The First Amendment does not protect the person who falsely cries “Fire!” in a crowded theater, according to the classic words of Supreme Court justice Oliver Wendell Holmes Jr. More to the point nowadays, however, is whether the First Amendment protects the person who uses hate speech in a world that is crowded with hate and violence.

“This book hopes to begin an honest conversation about what we really mean by free speech — when we invoke the right and trumpet the liberty, when we demand freedom of speech only for the issues personal to us, and when we seek to deny it for others,” announces Thane Rosenbaum in “Saving Free Speech … From Itself” (Fig Tree Books).

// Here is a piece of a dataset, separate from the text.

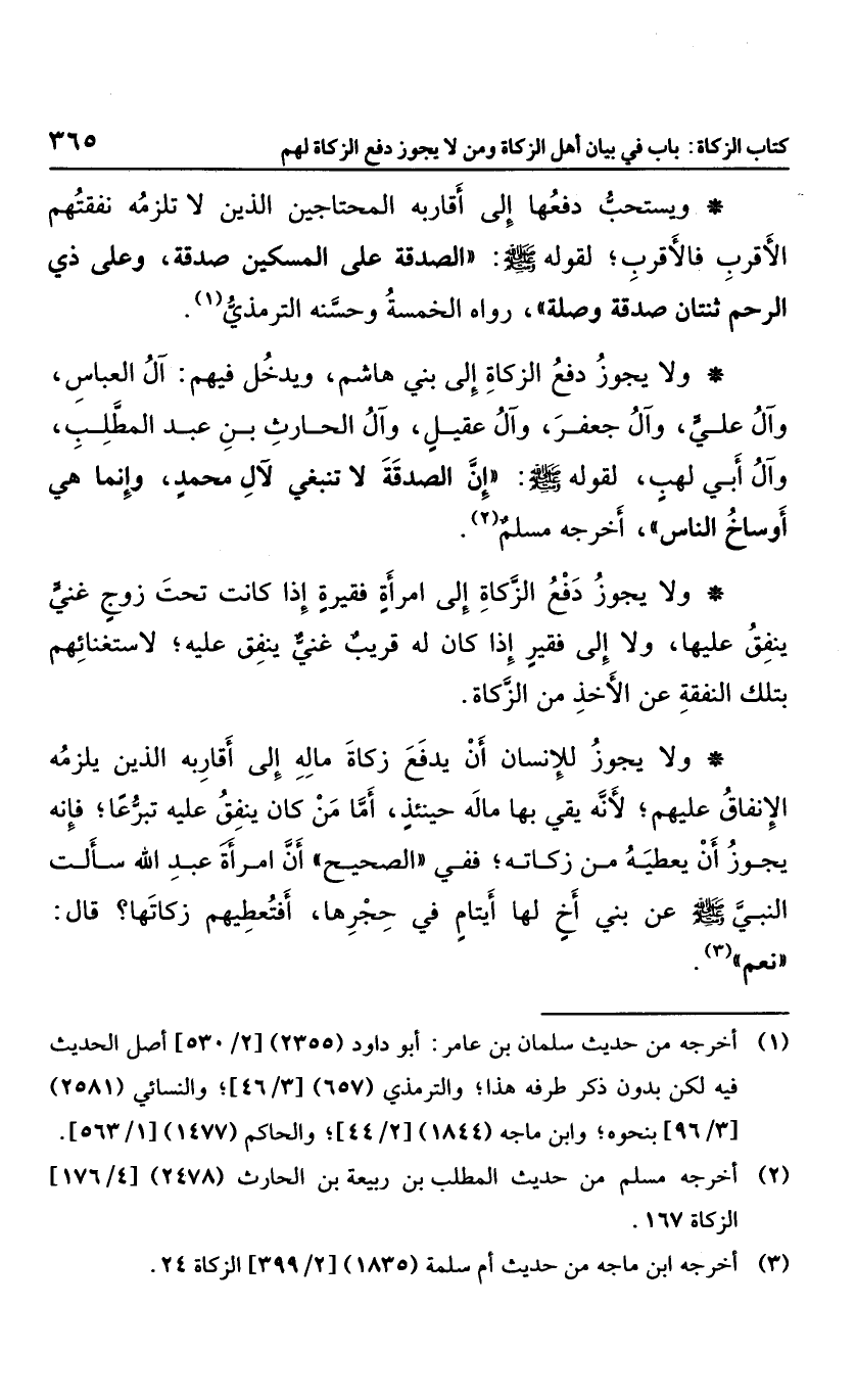 ولا يجوز دفع الزكاة إلى بني هاشم، ويدخل فيهم: آل العباس، وآل علي، وآل جعفر، وآل عقيل، وآل الحارث بن عبد المطلب، وآل أبي لهب؛ لقوله صلى الله عليه وسلم: "إن الصدقة لا تنبغي لآل محمد، وإنما هي أوساخ الناس"، أخرجه مسلم.

The very notion that we ought to rewrite the First Amendment is mind-blowing to those of us who cherish the right of free speech as a core value of American democracy. Ironically, the high regard in which we hold the First Amendment obliges us to afford Rosenbaum an opportunity to be heard. And anyone who recognizes the dire risk of hate speech in our benighted world is obliged to consider what Rosenbaum has to say.

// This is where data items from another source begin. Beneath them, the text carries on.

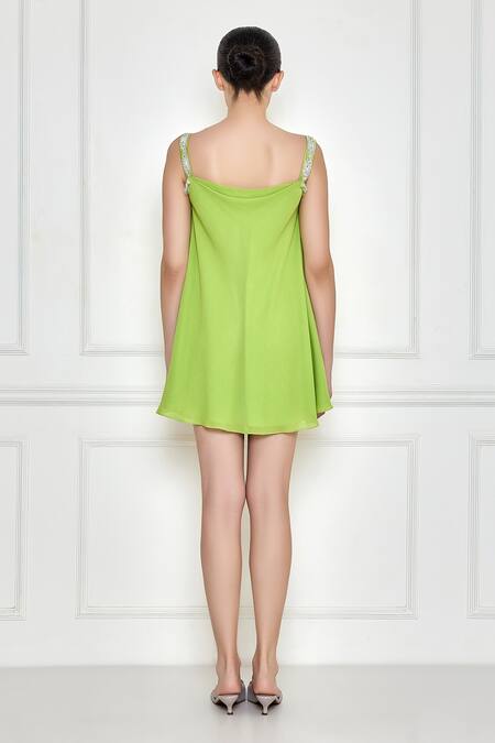 Citrus green flared camisole dress featuring sequin and glass bead embroidery on the straps
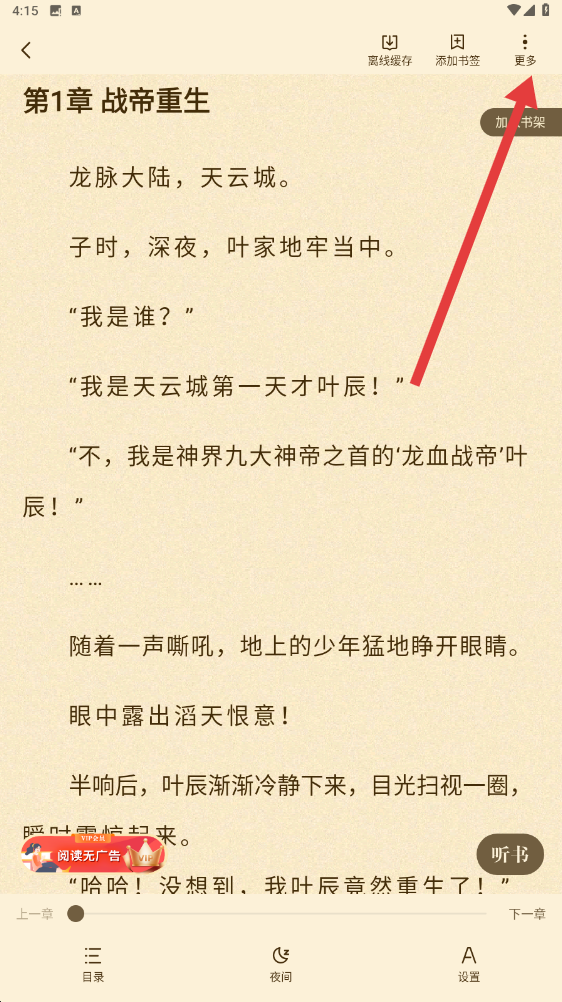 2、进入小说阅读页后,点击右上角【更多】按钮,展开功能选项呢。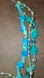 multistrand turquoise color howlite and mother of pearl shell necklace. three strands. silvertone tribal rustic beads and faceted blue glass beads accent this piece. very interesting swirly acrylic sort of pumpkin shaped beads as well. choker collar adjustable length. unmarked. Great preloved condition. please see photos for details and measurements and condition other items are display only

Rosenbaum is a public intellectual and an especially accomplished and credible one. He contributes to The New York Times, The Washington Post and The Wall Street Journal, among many other distinguished publications. He is a legal analyst for CBS News Radio, a commentator on CNN, and the moderator of “The Talk Show” at the 92nd Street Y in Manhattan. He is the author of five novels and two provocative books on the theme of justice, “Payback: The Case for Revenge” and “The Myth of Moral Justice: Why Our legal System Fails to Do What’s Right.” He is Distinguished University Professor at Touro College, where he serves as director of the Forum on Life, Culture & Society. Above all, and unlike many others who command the attention of the media, he is no mere controversialist.

“If he has a problem with the First Amendment, perhaps we should give it another look,” writes New York Times columnist Bret Stephens, a former Republican (and still a principled conservative) in his foreword to “Saving Free Speech …” 

Thane Rosenbaum cites a long list of democracies, including countries as dissimilar from each other as India, Ireland and Israel, that are less “exuberant” in their defense of free speech.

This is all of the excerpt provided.